Army robots (Robotic soldiers) will not hesitate to execute any enemy as they have no emotions and feelings, so they cannot be terrified or intimidated. Other than that, they may be sent into regions where humans are not allowed, such as nuclear waste sites or very hot or cold areas. Military Robots can be upgraded instead of being trained, robot soldiers can be mass produced, Fewer humans will die in war as robots are sent into the war and serve that role for them. 

Army robots can make decisions faster than humans and are unaffected by wrath, vengeance, hunger, fear, weariness, or stress.
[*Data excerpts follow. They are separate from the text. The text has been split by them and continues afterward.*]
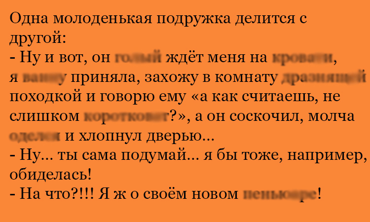 Люди нигде не чувствуют себя так неловко и не бывают такими уязвимыми, как в постели. Отсутствие одежды оголяет не только тело, но и внутренние комплексы человека. И, казалось бы, юмор — отличный способ снять напряжение и добавить расслабленности двум людям, которые решились заняться любовью, но одно неправильно истолкованное слово может довести ситуацию до полного краха… И как раз о таком случае — наш первый анекдот.
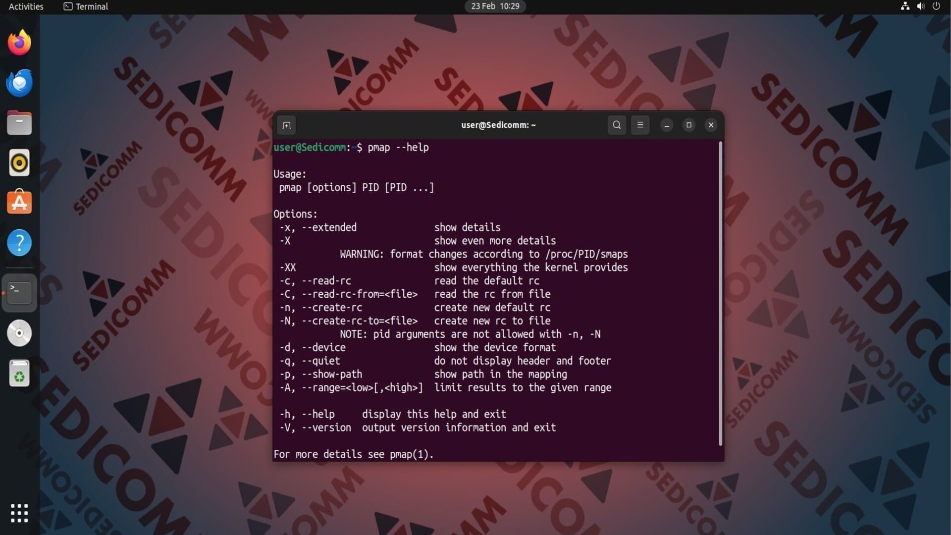 Чтобы вывести на экран список всех опций pmap, выполните в терминале:
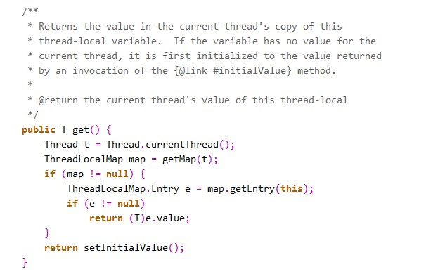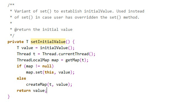 因为在上面的代码分析过程中,我们发现如果没有先set的话,即在map中查找不到对应的存储,则会通过调用setInitialValue方法返回i,而在setInitialValue方法中,有一个语句是T value = initialValue(), 而默认情况下,initialValue方法返回的是null。
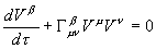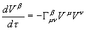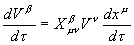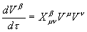 という事で、Vは4元速度だったとする。そうすると左辺(Vpβ-Voβ)は微小距離を隔てた速度差と読め、dVと書き表せる。さらにdτで両辺を割ると、
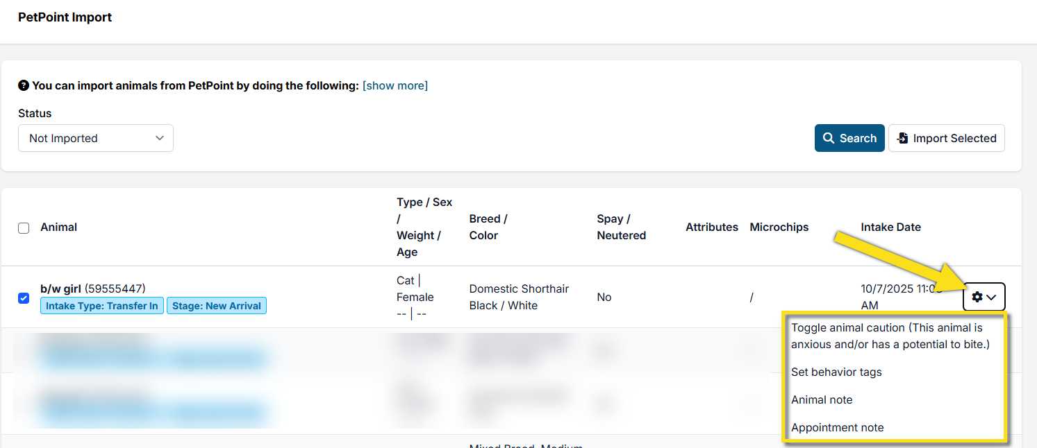 At the time of importing, you can assign behavior tags, mark caution, and add animal/appointment notes. To do so, click the gear icon next to the animal, then click the corresponding action.
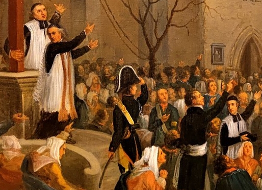 Autre lithographie de Langlumé, remplaçant celle qui avait été retirée du marché. Encore une fois la foule est massée devant le porche, et L'abbé de La Neufville s'indigne de voir la croix plus haute que le clocher.
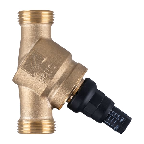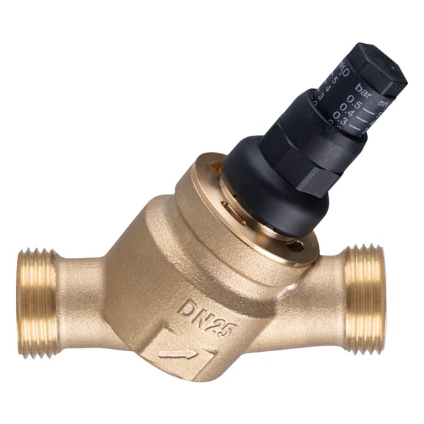Differential pressure bypass valve with directly readable adjustment scale. Housing made of brass. Available as straight version or angled version for space-saving installation.
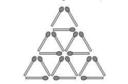 În figura alăturată, care a fost realizată din 18 beţe de chibrit, putem identifica 13 triunghiuri echilaterale (mai mari sau mai mici).
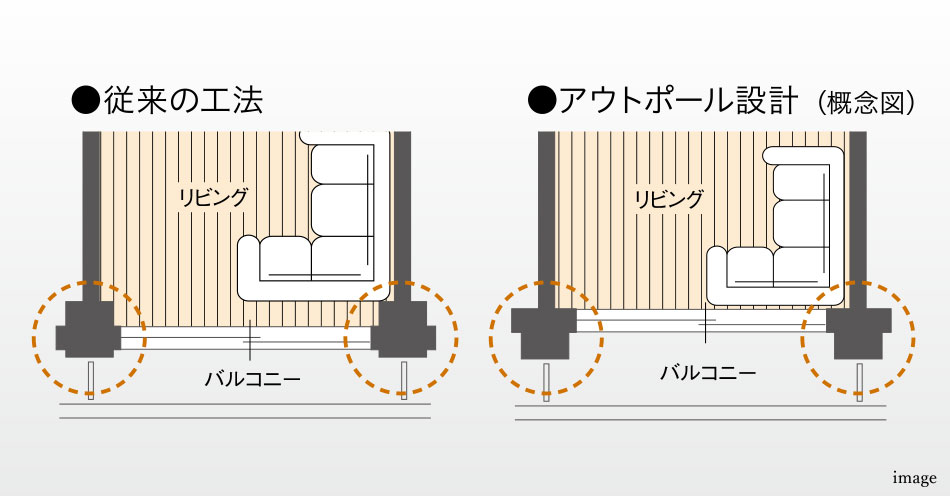 - リビング側に柱を出さずバルコニーなど外側に出す設計を採用。室内に出っ張りがなくなり広く使え、家具などのレイアウトがしやすくなります。(一部除く)
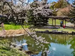 #Nakajima Park is a famous maple viewing spot in Sapporo city. In fact, there are also cherry blossoms to enjoy in spring. Ezoyama cherry blossoms, Somei Yoshino cherry blossoms, Yaezakura, etc. are planted around the pond and in the green space. Although the scale and number of cherry blossoms are not as spectacular as maple leaves, surrounded by high-rise buildings and set against the beautiful Toheikan, Nakajima Park is also decorated with spring cherry romance.
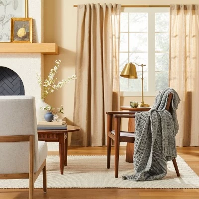 Tone down the light entering your room while adding a bit of privacy with this Fleck Stripe Leno Weave Curtain Panel from Hearth & Hand™ with Magnolia. The window curtain panel in a natural hue coordinates with any interior decor. It’s detailed with woven flack stripes for a chic touch of self texture. The light-filtering fabric lets just the right amount of light in while the classic rod pocket and back tabs allow for quick and easy installation. Just hang using a standard curtain rod and machine wash for easy care.
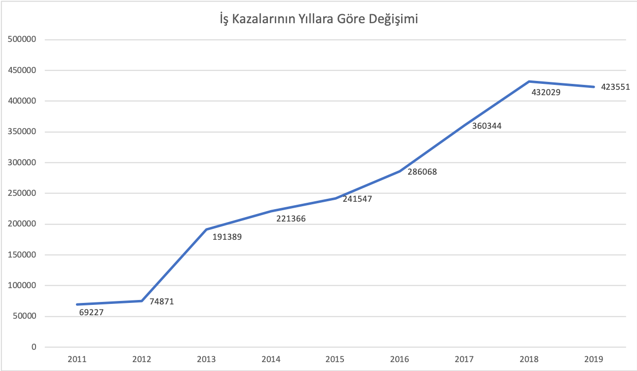 Ülkemizde gerçekleşen iş kazaları ve meslek hastalıkları ile ilgili veriler her yıl SGK tarafından yayımlanmaktadır. SGK istatistiklerine göre 2019 senesinde toplam 423.551 iş kazası kayıt altına alınmıştır. Buna göre her saatte bir 48'den fazla iş kazasının yaşandığı söylenebilir. Aşağıdaki grafikte iş kazalarının 2011-2019 yılları arasındaki sayıları görülmektedir. İş kazalarının sayısındaki artış, İş Sağlığı ve Güvenliği Kanunu sonrasında kayıt altına almadaki zorunluluklar ve kaza bildirimlerinin dijital ortama taşınması sayesinde olduğu söylenebilir.
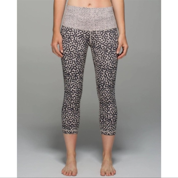 Lululemon Wunder Under Roll Down Ivory Black Dot Workout Crop Leggings Pants 4. Size tag removed. Otherwise excellent condition - no pilling or stains. Super soft material!! Cropped length
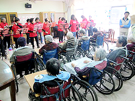 服務項目 活動剪影 日常活動 2014-12-04 第四季生日會 今天是本年度第四次舉辦的長者慶生會,本家準備了蛋糕為10月到12月出生的長者們慶賀,並邀請外部團體來為長者們慶生及表演,長者們都非常開心。 返回

Military robots can utilize video or other sensors to monitor human troops on both sides of a combat for infractions of the rules of war; they can also refuse to carry out immoral or unlawful directives, which a human soldier could be compelled to perform. 

Military robots are frequently lifesaving, as they can perform duties similar to human duties without putting human lives in danger. They are easily replaceable at a cost, and, unlike human life, robots can withstand damage caused by bombs or other types of weaponry that would otherwise destroy the human body. 

Robots make better sense. Robots can see and hear better than humans, they don’t get weary (at least not between recharges), and they don’t get bored. The Army robot has an infrared camera to see at night and through fog and haze, directional microphones to detect strange noises, a thermal camera, flame or smoke detectors, and temperature, gas, or radioactivity sensors.


Army robots can be hacked by the enemy and used against oneself, they can malfunction and turn against you or explode in front of their own side. They can’t discern right from wrong, which means they can kill civilians as well as rebel friends if they can’t analyze it properly. Robotics cannot accept non-standard conditions but advancements in artificial intelligence in the near future may assist to correct this.